Can someone please point me to right page in Bourbaki's book or provide some helpful comments on how to prove the equivalence?
Ok, I guess to close the question I should just copy down the guided exercise in Rudin's 'Functional Analysis' book, chapter 4, exercise 21. Here $X$ is a Banach space with its dual of continuous linear functionals $X^*$. I use the notation $B_X(x,r), B_{X^*}(f,r)$ for open norm-balls in $X$ and $X^*$. Further, $B_X[x,r], B_{X^*}[f,r]$ denotes closed norm-balls (radius up to and including $r$ so that $B_X[x,0] = \{x\}$).
The hypothesis is that we have a convex $K\subset X^*$ such that, for every $r>0$, $K \cap {B_{X^*}[0,r]}$ is weak*-closed (and hence weak*-compact).

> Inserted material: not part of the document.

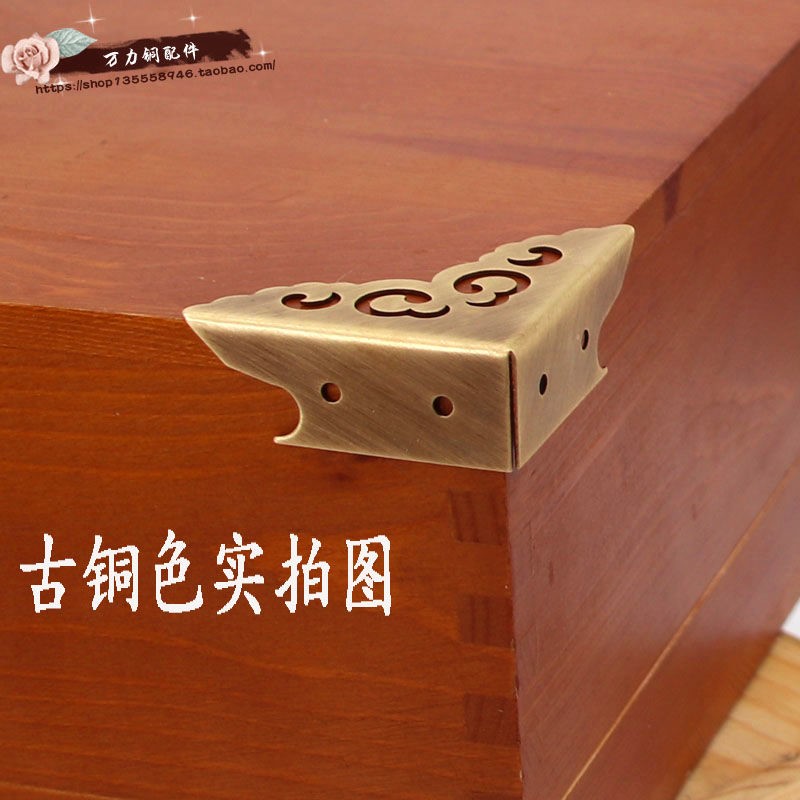 All copper corner protection camphor wood luggage corner Chinese antique corner flower patch cabinet door table edge jewelry box three-sided corner protection

(a) First note that $K$ is norm closed: For, if $g \in X^* \smallsetminus K$, we can find some $r>0$ with $g \in B_{X^*}(0,r)\smallsetminus K$. Since $ g\notin {B_{X^*}[0,r]} \cap K$ with this set being weak*-closed and hence norm-closed, we can find an $\varepsilon >0$ with $$B_{X^*}(g,\varepsilon) \subset B_{X^*}(0,r) \smallsetminus \left(K \cap {B_{X^*}[0,r]}\right).$$ Thus, $$ B_{X^*}(g,\varepsilon) \cap K = \varnothing. $$
(b) If we have, in addition to the hypothesis on $K$, that $K \cap {B_{X^*}[0,1]} = \varnothing$, then there exists an $x \in X$ with $\Re(f(x)) > 1$ for all $f \in K$: For $S \subset X$, we define the polar $$ P(S) := \bigcap_{s \in S} \left\lbrace f\in X^*: |f(s)| \leq 1 \right\rbrace. $$ It is easy to check that, for any $r>0$, \begin{equation}\label{1}\tag{1} \bigcap_{S \subset {B_{X}[0,r]}\text{ is finite.}} P(S) = {B_{X^*}\left[0,r^{-1}\right]}. \end{equation} Claim: We can choose a family of finite subsets $(S_i)_{i \in \mathbb{Z}_{\geq 0}}$ of $X$ such that, for each $k \in \mathbb{Z}_{\geq 0}$, $$ P(S_0) \cap \dots \cap P(S_{k-1}) \cap K \cap {B_{X^*}[0,k]} = \varnothing $$ and such that, for each $k \in \mathbb{Z}_{\geq 0}$, $kS_k \subset B_{X}[0,1]$.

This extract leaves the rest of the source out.